Cisco Sr Cloud Technology Compliance Engineer in San Jose, California
In today's dynamic digital environment, security is everyone's job. At Cisco, the Security and Trust Organization is at the core of making infrastructure more secure. Your involvement in this strategic and results-oriented team will enable you to be part of one of Cisco's major objectives - to be the Number 1 Trusted Business partner to our customers.
The organization reports to Cisco's Chief Security and Trust Officer and owns the innovation, training, and implementation of security and trust features and processes across all of Cisco's products.
The Global Cloud Compliance (GCC) group within the STO is responsible to drive Compliance certifications across Cisco. This team is responsible for enabling and protecting Cloud sales for our Commercial customers, US Government and Federal agencies, as well as many international standards bodies.
This team works with Sales and Business Unit partners to insure the accurate security and trust features and functionality are included in new offer releases
As a Senior Cloud Technology Compliance Engineer within the GCC group your primary role requires an in depth understanding of various security certification frameworks like AICPA SOC, ISO27001, PCI, NIST, and others.
This senior level Compliance Engineer will be reporting into the GCC Manager/Sr. Manager and will help craft, govern, and evolve and a common control's strategy for Cisco.
What You’ll Do:
· Design, govern and maintain a set of Common Controls and associate implementation strategy
· Work in partnership with various BU’s to support the adoption and on-boarding of Common Controls
· Assist in designing and maintaining a central ISMS in the STO
· Develop and implement a risk assessment strategy to support security certifications
· Support the development of the security policies, and standards for the certifications
· Liaison with external auditor and other internal teams to support certification audits
· Develop the certification program plan with critical path, financial, resource, material requirements, impacts and mitigation plans
· Identify and drive process improvements
· Assist with & influence the assessment, planning and management of related compliance certification programs.
· Maintain knowledge of security compliance frameworks and processes.
· Support the Controls audits team as controls SME
Who You Are:
Skills needed to succeed:
· 2- 5 years of proven track record in related field
· Hand on experience with AWS and other cloud environments
· Knowledge of Compliance frameworks is a must (e.g. SOC2,FedRAMP, ISO, PCI, HIPAA)

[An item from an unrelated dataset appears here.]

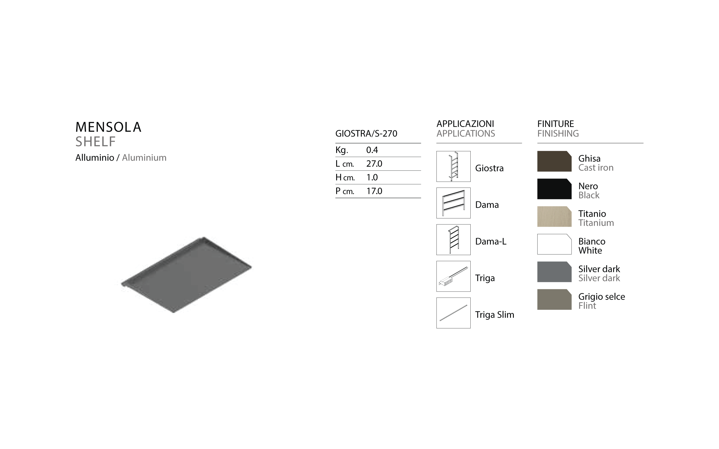 Especially designed to service collections of the product range of Damiano Latini. They aid the functionality of every interior system and create an original appearance, improving every space they're placed in. Shelf A is an aliminium shelving plane, used for different types of kitchen and everyday objects. They are long enough to allow the hanging of more than one element. . Damiano Latini has established itself as one of the flagship actors in the current Italian Design scene. Their automonomously designed products are being drawn and tested by architects,engineers and designers in the main maufacturing warehouse in the centre of Italy. The company is a winner of many European Interior Design Prizes such as Reddot Design and Archiproduct awards.

· Knowledge of Core IT processes / services such as SDLC, Identity/User Access management, Vulnerability Management, Backup and DR processes will be useful
· Bachelors / Master’s Degree with a focus in Information Technology / Computer Science or related field
· Excellent communications skill at all levels of the organization
· Ability to prioritize in a fast-changing environment
· Ability to balance multiple programs
· Ability to partner with and lead others not reporting directly to you
· Excellent analytical skills
· It’s critical that the person is a good team-player
· Relevant certifications like CISA, CISSP, CCSK, others, will be a plus.
#WeAreCisco, where each person is unique, but we bring our talents to work as a team and make a difference powering an inclusive future for all.

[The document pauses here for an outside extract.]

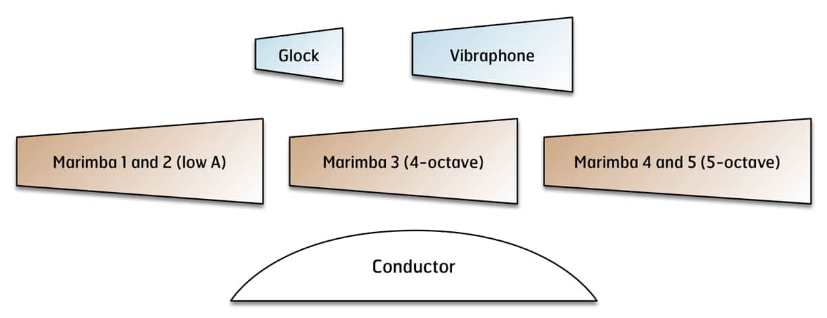 - 3 marimbas—(1) 4-octave, (1) low A, (1) low C

We embrace digital, and help our customers implement change in their digital businesses. Some may think we’re "old" (36 years strong) and only about hardware, but we’re also a software company. And a security company. We even invented an intuitive network that adapts, predicts, learns and protects. No other company can do what we do - you can’t put us in a box!
But "Digital Transformation" is an empty buzz phrase without a culture that allows for innovation, creativity, and yes, even failure (if you learn from it.)

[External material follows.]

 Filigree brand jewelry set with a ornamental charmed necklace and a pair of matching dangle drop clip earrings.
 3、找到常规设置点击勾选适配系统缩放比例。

Day to day, we focus on the give and take. We give our best, give our egos a break, and give of ourselves (because giving back is built into our DNA.) We take accountability, bold steps, and take difference to heart. Because without diversity of thought and a dedication to equality for all, there is no moving forward.
So, you have colorful hair? Don’t care. Tattoos? Show off your ink. Like polka dots? That’s cool. Pop culture geek? Many of us are. Passion for technology and world changing? Be you, with us!
Cisco is an Affirmative Action and Equal Opportunity Employer and all qualified applicants will receive consideration for employment without regard to race, color, religion, gender, sexual orientation, national origin, genetic information, age, disability, veteran status, or any other legally protected basis.
Cisco will consider for employment, on a case by case basis, qualified applicants with arrest and conviction records.